- [Data to examine]
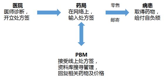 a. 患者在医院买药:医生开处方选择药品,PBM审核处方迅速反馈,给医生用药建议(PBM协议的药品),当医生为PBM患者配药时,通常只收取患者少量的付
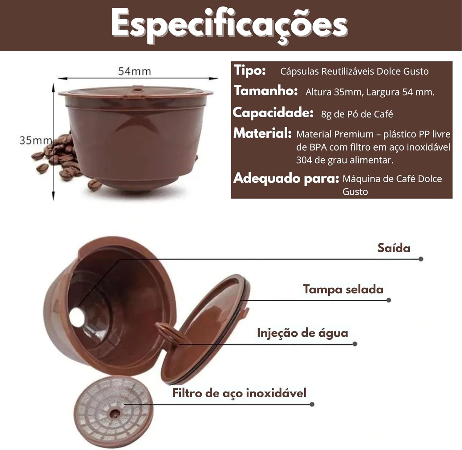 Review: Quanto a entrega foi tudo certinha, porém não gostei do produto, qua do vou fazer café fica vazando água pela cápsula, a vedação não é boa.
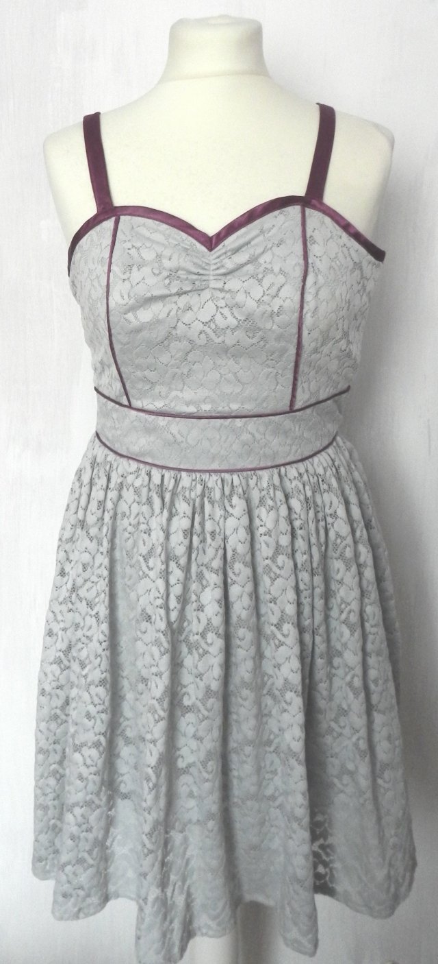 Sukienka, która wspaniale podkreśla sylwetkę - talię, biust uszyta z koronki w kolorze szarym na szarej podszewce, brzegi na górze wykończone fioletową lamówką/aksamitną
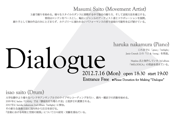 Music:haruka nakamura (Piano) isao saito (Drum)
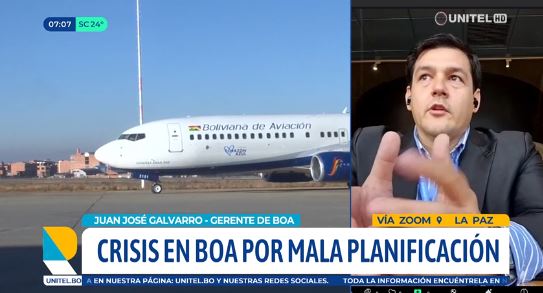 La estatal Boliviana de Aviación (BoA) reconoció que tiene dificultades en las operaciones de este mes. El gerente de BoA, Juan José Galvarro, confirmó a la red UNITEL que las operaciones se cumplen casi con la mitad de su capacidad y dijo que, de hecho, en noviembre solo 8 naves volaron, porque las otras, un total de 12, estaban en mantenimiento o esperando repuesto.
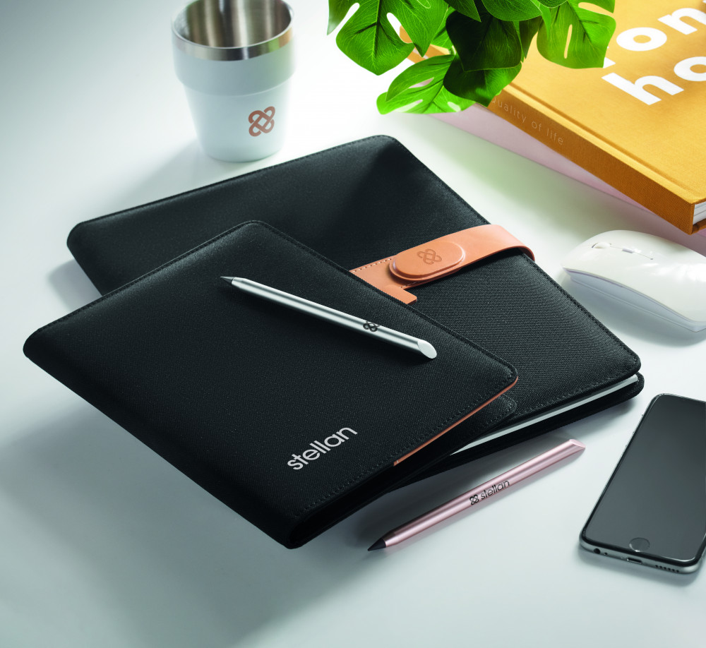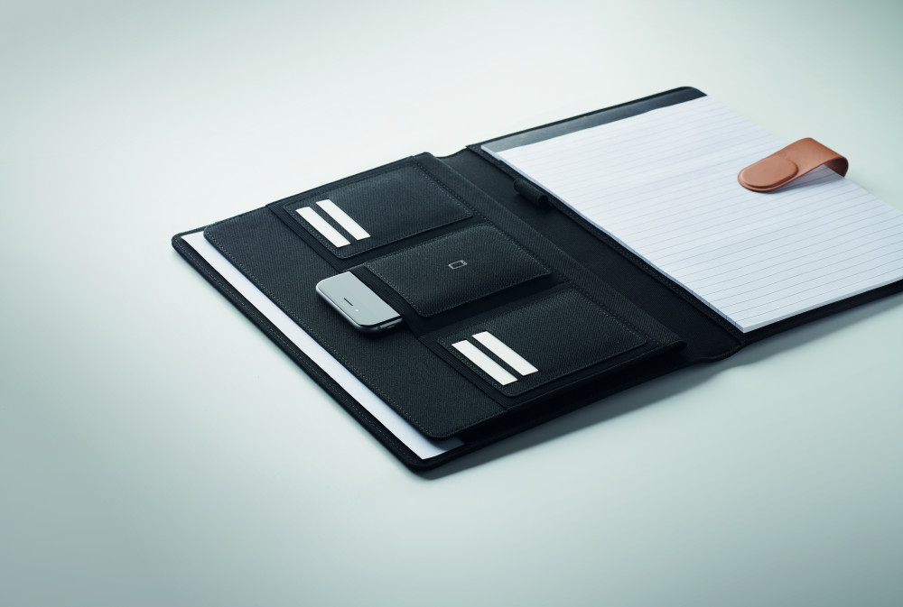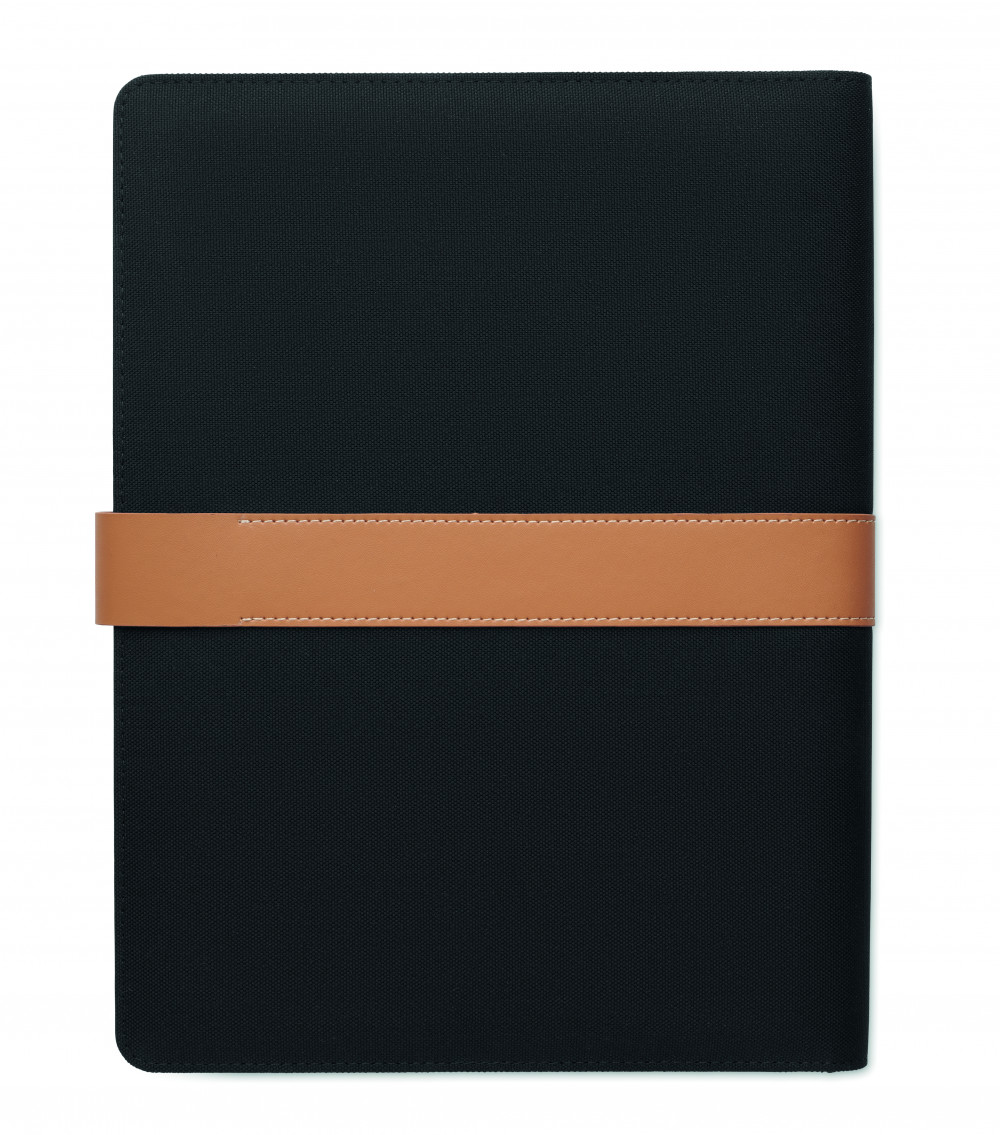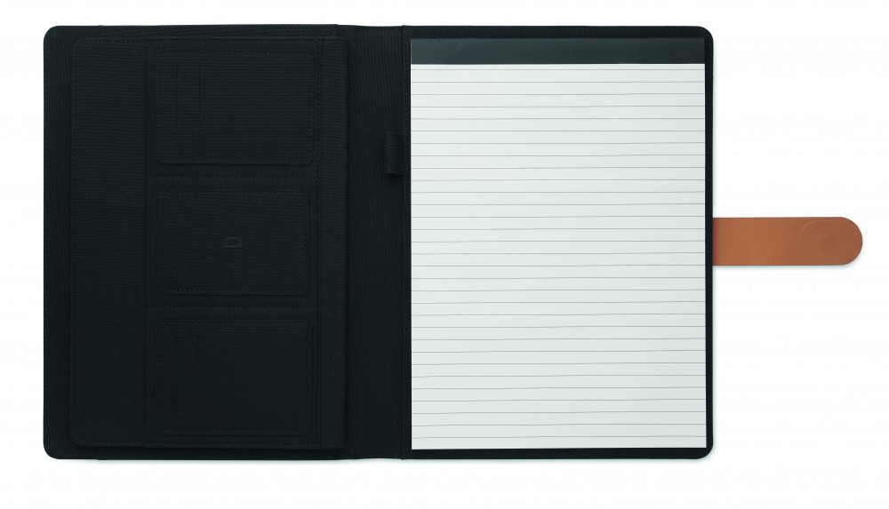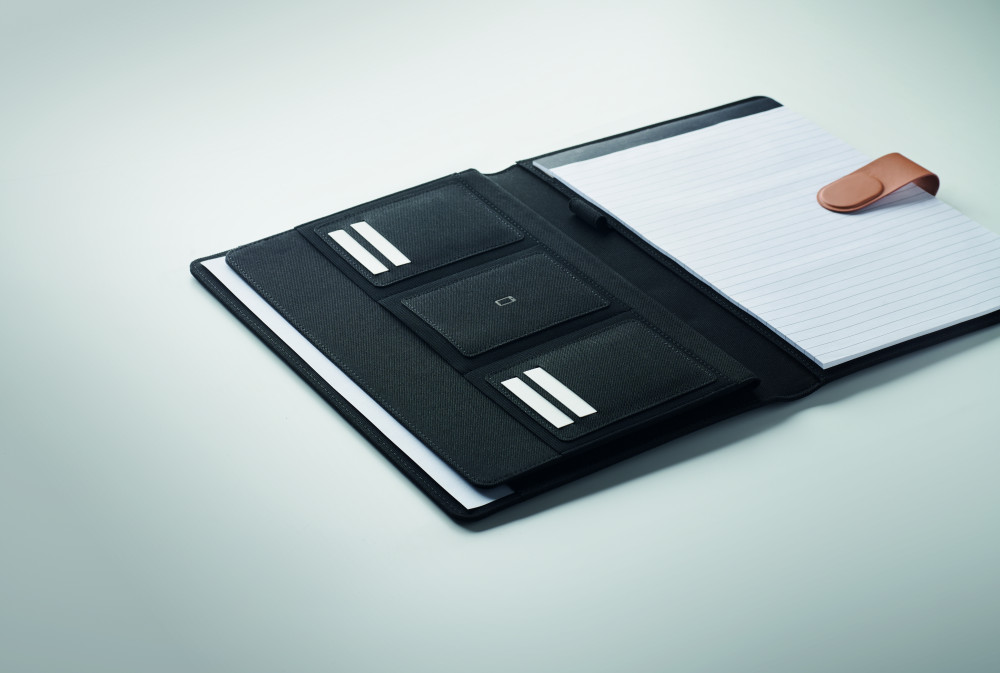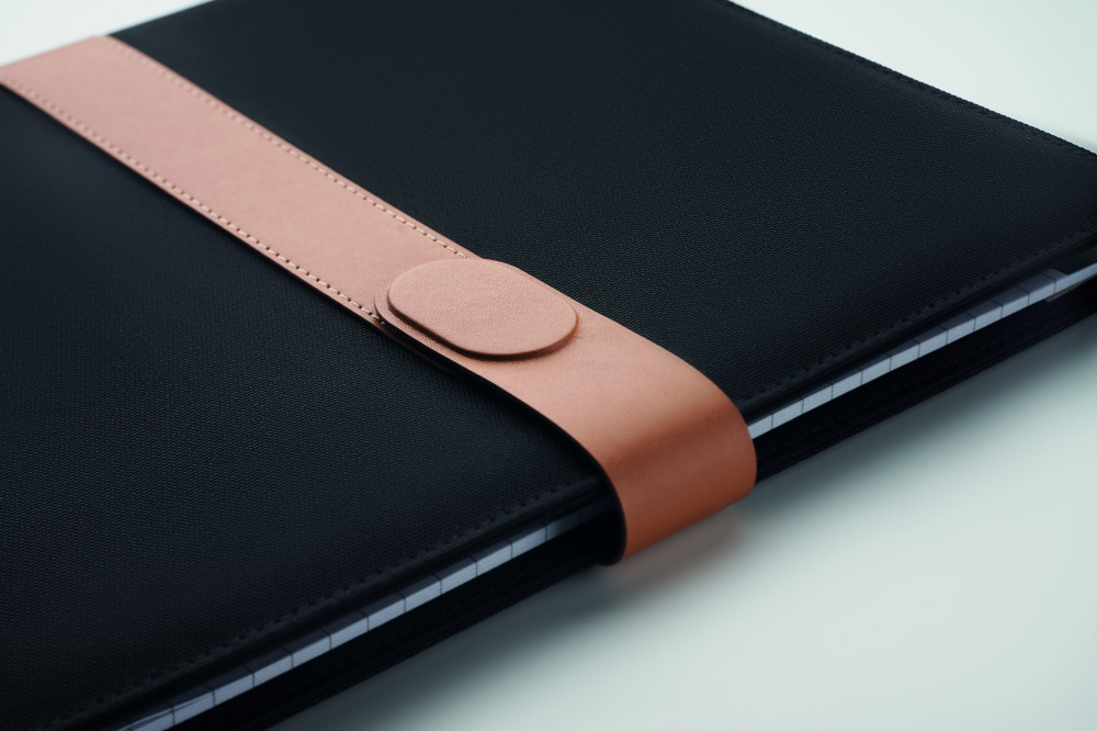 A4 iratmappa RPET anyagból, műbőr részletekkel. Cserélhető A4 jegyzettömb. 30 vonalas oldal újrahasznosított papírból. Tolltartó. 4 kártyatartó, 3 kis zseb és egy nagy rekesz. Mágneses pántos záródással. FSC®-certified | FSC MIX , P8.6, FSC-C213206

- [How to complete this task]
Pictures should not appear; only the lines from the start of the listing above to the line containing "Music:haruka nakamura (Piano)", both ends included, are to be repeated exactly.

- [Answer below]
 a. 患者在医院买药:医生开处方选择药品,PBM审核处方迅速反馈,给医生用药建议(PBM协议的药品),当医生为PBM患者配药时,通常只收取患者少量的付
 Review: Quanto a entrega foi tudo certinha, porém não gostei do produto, qua do vou fazer café fica vazando água pela cápsula, a vedação não é boa.
 Sukienka, która wspaniale podkreśla sylwetkę - talię, biust uszyta z koronki w kolorze szarym na szarej podszewce, brzegi na górze wykończone fioletową lamówką/aksamitną
 Music:haruka nakamura (Piano) isao saito (Drum)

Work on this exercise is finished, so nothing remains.